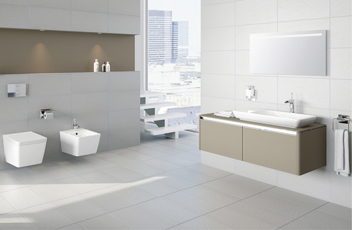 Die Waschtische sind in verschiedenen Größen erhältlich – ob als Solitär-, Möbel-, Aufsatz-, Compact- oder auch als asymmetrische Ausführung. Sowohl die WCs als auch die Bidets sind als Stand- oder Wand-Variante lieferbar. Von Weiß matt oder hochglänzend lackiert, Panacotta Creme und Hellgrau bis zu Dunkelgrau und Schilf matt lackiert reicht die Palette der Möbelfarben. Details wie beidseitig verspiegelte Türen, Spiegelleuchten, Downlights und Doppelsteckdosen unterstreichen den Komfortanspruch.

++++++

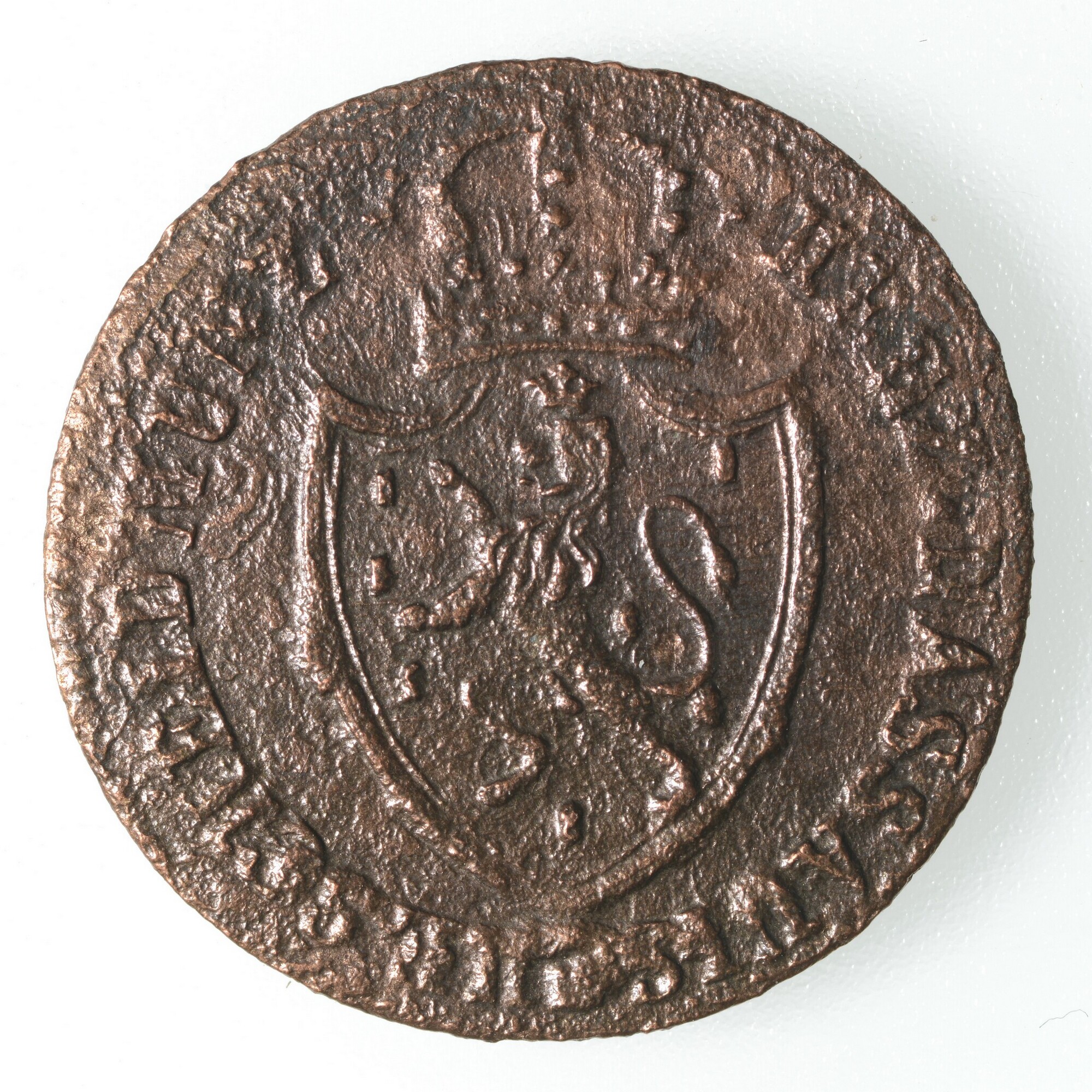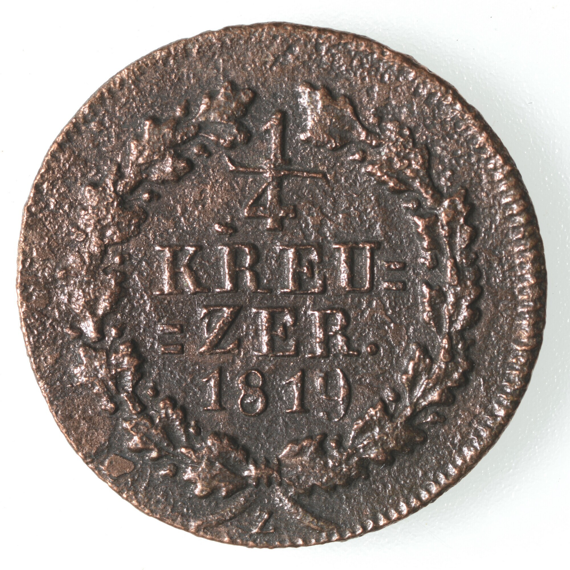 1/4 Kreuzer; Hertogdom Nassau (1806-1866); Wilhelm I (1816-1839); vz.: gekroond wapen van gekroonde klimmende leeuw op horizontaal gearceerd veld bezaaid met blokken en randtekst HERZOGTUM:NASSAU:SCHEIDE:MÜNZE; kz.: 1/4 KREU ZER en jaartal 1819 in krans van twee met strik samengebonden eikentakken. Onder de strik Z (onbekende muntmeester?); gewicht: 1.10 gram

++++++

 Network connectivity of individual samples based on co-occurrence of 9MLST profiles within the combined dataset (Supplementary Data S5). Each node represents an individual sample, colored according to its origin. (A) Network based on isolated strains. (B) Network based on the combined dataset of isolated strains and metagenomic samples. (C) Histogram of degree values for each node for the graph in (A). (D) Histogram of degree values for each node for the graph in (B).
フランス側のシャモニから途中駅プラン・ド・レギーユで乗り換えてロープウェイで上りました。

++++++

§ **Action item**
Above are the records; from them, give again exactly the lines from the one containing "Network connectivity of" through the one containing "フランス側のシャモニから途中", both included.

§ **Result of the task**
 Network connectivity of individual samples based on co-occurrence of 9MLST profiles within the combined dataset (Supplementary Data S5). Each node represents an individual sample, colored according to its origin. (A) Network based on isolated strains. (B) Network based on the combined dataset of isolated strains and metagenomic samples. (C) Histogram of degree values for each node for the graph in (A). (D) Histogram of degree values for each node for the graph in (B).
フランス側のシャモニから途中駅プラン・ド・レギーユで乗り換えてロープウェイで上りました。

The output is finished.